__What you have to do__: For the entries below, copy exactly the line that contains "演出在《中华人民共和国国歌》" through the line that contains "We are convinced", both ends included, and exclude all pictures.

__Materials provided__:
* * * *
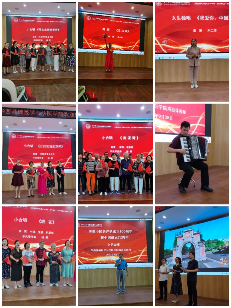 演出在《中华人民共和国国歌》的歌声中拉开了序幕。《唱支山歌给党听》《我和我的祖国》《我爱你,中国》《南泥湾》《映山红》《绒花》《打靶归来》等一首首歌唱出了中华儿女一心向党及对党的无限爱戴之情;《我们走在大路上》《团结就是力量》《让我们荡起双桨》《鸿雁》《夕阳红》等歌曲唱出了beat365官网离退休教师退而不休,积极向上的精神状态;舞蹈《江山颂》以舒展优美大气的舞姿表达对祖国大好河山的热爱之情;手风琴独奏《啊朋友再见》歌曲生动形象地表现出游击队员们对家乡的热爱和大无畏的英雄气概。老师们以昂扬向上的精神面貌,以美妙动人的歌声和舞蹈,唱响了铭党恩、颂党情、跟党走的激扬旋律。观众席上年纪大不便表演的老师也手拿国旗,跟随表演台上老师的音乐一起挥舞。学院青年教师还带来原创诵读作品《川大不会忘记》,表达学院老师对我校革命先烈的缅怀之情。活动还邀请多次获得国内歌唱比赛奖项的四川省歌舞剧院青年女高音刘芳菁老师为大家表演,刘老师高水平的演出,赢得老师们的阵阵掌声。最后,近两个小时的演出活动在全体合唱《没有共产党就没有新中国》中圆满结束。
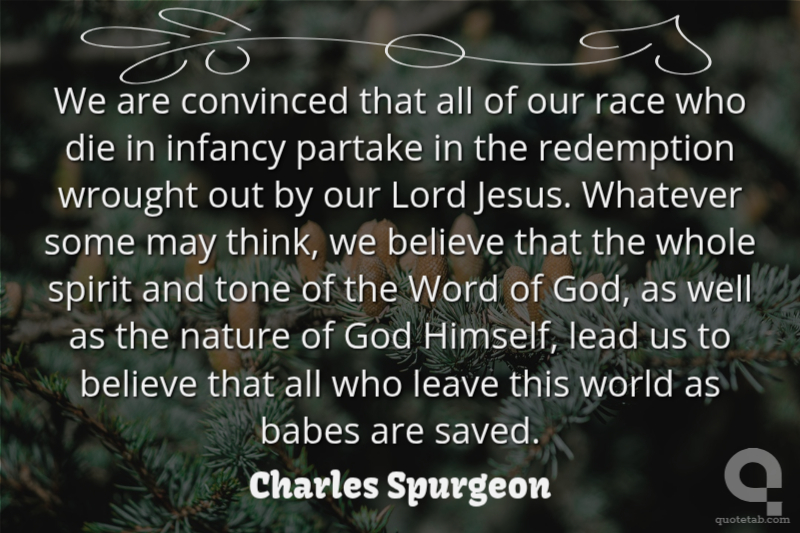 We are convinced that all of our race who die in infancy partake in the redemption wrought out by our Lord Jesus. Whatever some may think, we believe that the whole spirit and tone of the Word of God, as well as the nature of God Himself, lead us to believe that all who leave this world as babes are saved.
* * * *
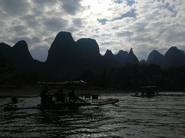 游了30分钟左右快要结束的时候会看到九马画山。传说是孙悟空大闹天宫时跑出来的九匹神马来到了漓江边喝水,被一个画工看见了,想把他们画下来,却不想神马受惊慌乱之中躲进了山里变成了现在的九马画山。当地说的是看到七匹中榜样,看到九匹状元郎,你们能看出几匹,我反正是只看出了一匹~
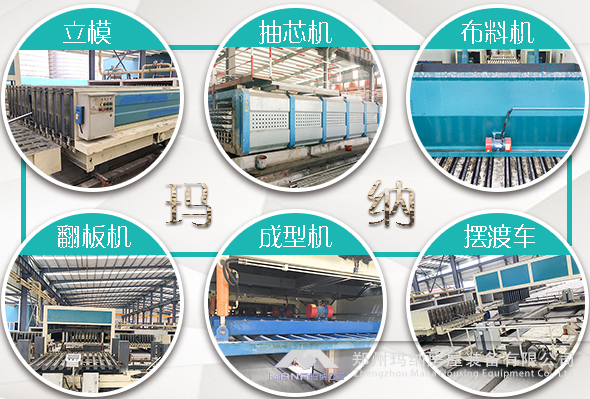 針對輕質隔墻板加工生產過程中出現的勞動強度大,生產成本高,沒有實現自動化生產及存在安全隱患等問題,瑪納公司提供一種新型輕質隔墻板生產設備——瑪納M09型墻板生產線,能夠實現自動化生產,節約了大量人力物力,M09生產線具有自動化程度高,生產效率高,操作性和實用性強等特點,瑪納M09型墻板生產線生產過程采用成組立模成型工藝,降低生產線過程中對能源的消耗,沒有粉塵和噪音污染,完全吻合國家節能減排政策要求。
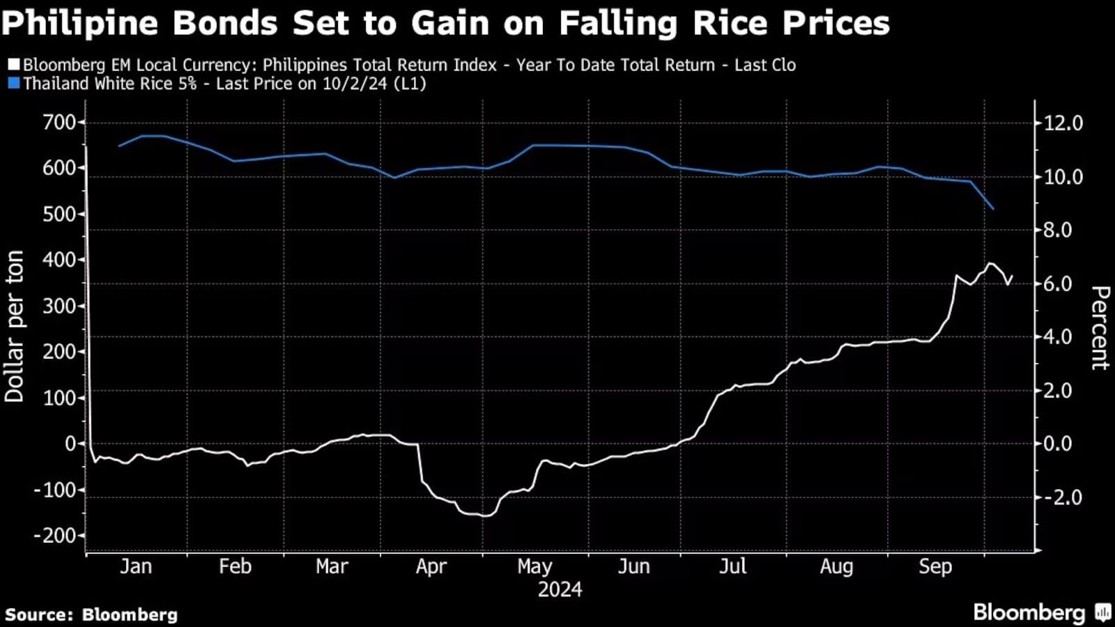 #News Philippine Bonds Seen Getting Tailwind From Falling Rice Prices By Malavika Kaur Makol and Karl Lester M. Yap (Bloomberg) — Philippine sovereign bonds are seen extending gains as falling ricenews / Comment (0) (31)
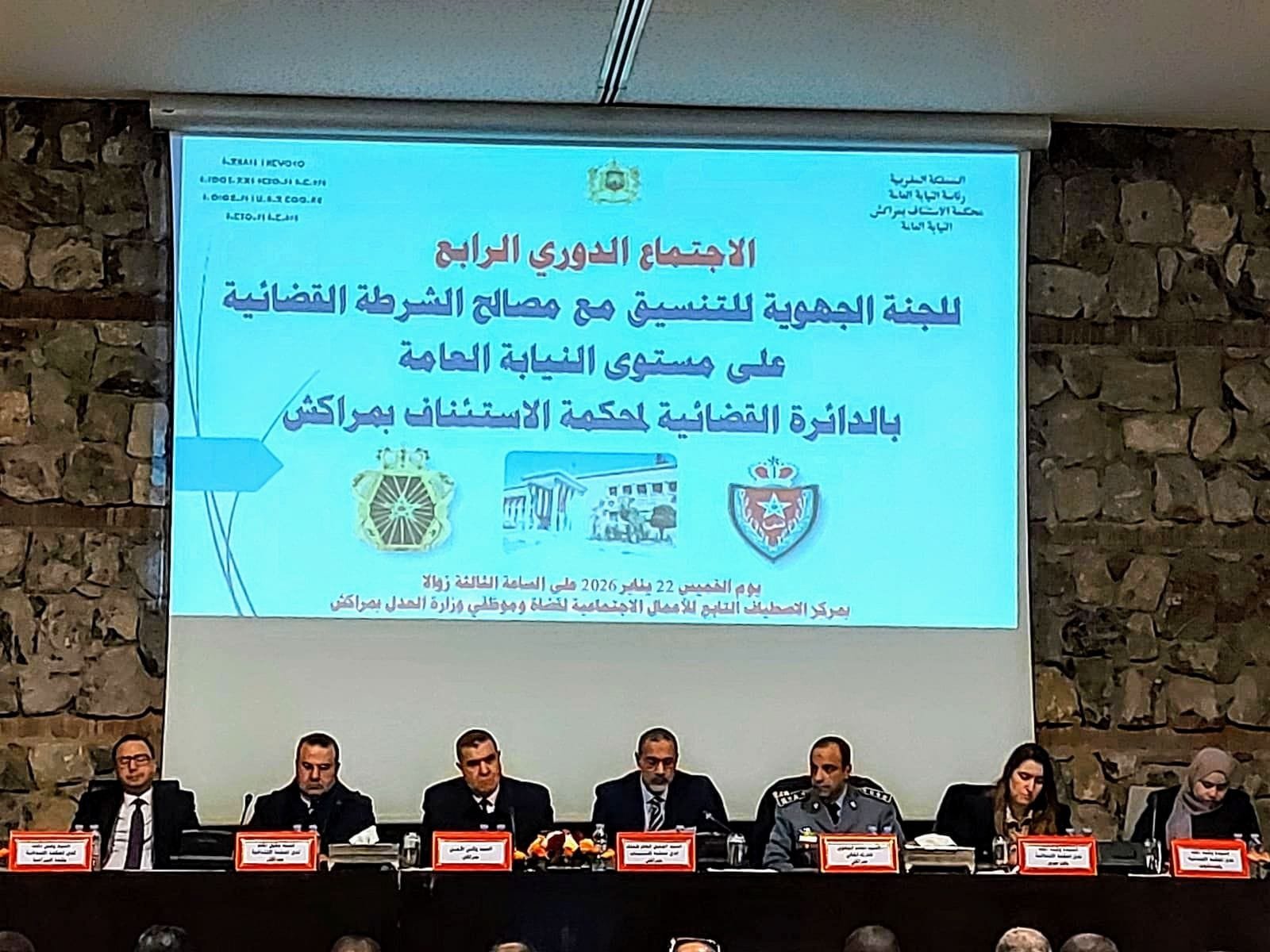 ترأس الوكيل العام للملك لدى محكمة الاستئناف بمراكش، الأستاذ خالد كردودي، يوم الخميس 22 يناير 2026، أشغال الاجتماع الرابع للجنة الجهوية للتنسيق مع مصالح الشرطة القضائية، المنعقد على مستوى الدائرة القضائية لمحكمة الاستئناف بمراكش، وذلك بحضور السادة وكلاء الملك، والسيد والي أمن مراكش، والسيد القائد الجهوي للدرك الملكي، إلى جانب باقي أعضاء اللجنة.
* * * *
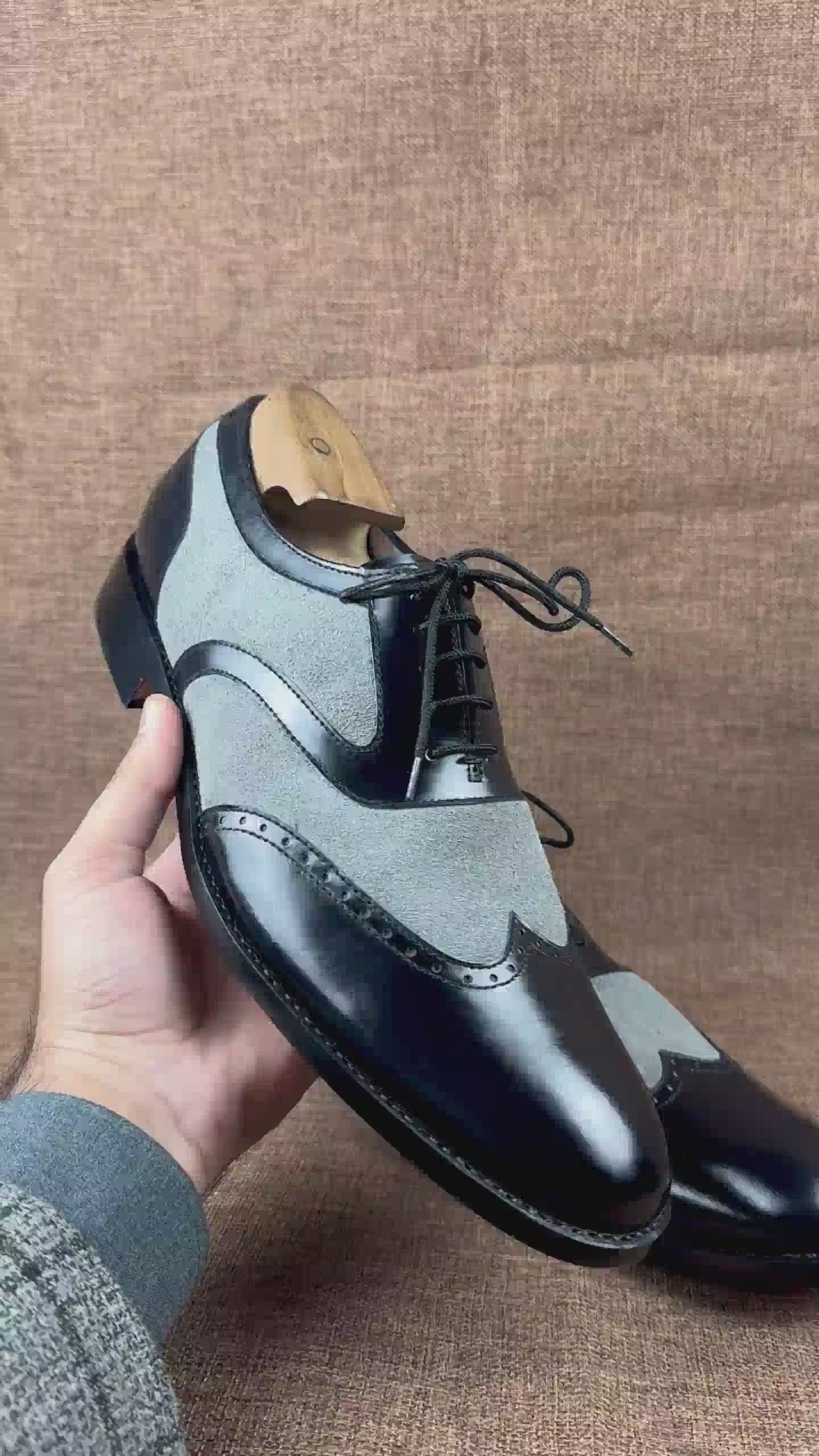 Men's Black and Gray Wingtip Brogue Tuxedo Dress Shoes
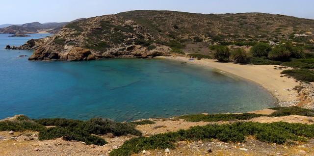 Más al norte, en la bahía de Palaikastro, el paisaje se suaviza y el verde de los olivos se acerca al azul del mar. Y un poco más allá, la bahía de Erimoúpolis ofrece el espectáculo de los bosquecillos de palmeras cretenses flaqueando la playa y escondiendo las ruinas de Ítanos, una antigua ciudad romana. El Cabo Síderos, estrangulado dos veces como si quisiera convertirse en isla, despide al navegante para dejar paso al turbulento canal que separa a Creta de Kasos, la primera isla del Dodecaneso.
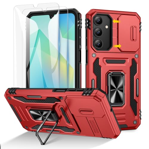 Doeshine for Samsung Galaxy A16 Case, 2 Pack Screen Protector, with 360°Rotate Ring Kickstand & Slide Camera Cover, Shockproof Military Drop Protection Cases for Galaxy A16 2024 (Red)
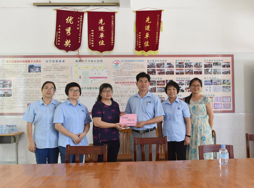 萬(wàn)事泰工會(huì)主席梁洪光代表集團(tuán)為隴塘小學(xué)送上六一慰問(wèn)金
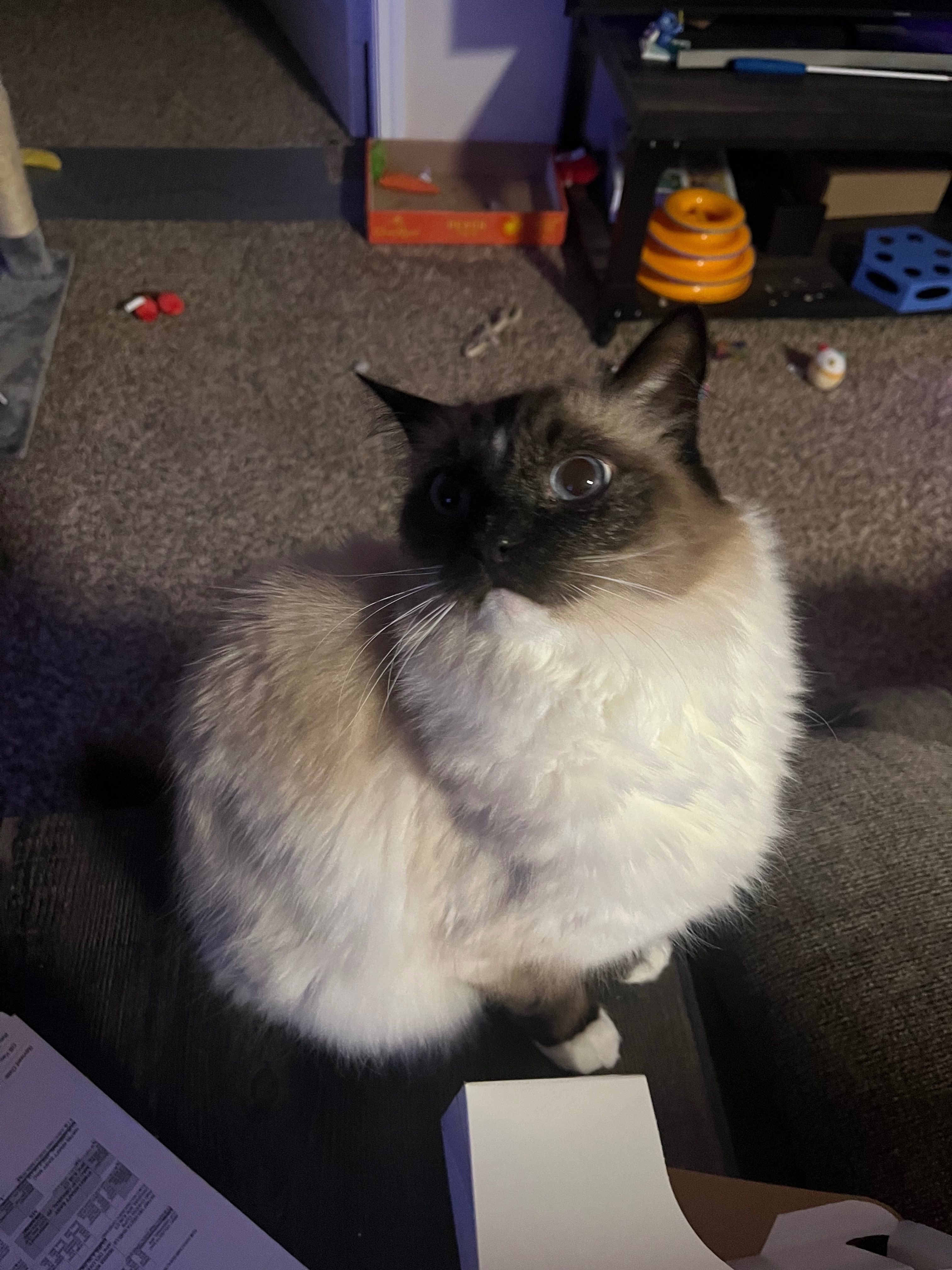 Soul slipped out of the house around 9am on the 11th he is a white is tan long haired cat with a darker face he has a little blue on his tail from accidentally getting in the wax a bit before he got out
* * * *
__Answer below__:
 演出在《中华人民共和国国歌》的歌声中拉开了序幕。《唱支山歌给党听》《我和我的祖国》《我爱你,中国》《南泥湾》《映山红》《绒花》《打靶归来》等一首首歌唱出了中华儿女一心向党及对党的无限爱戴之情;《我们走在大路上》《团结就是力量》《让我们荡起双桨》《鸿雁》《夕阳红》等歌曲唱出了beat365官网离退休教师退而不休,积极向上的精神状态;舞蹈《江山颂》以舒展优美大气的舞姿表达对祖国大好河山的热爱之情;手风琴独奏《啊朋友再见》歌曲生动形象地表现出游击队员们对家乡的热爱和大无畏的英雄气概。老师们以昂扬向上的精神面貌,以美妙动人的歌声和舞蹈,唱响了铭党恩、颂党情、跟党走的激扬旋律。观众席上年纪大不便表演的老师也手拿国旗,跟随表演台上老师的音乐一起挥舞。学院青年教师还带来原创诵读作品《川大不会忘记》,表达学院老师对我校革命先烈的缅怀之情。活动还邀请多次获得国内歌唱比赛奖项的四川省歌舞剧院青年女高音刘芳菁老师为大家表演,刘老师高水平的演出,赢得老师们的阵阵掌声。最后,近两个小时的演出活动在全体合唱《没有共产党就没有新中国》中圆满结束。
 We are convinced that all of our race who die in infancy partake in the redemption wrought out by our Lord Jesus. Whatever some may think, we believe that the whole spirit and tone of the Word of God, as well as the nature of God Himself, lead us to believe that all who leave this world as babes are saved.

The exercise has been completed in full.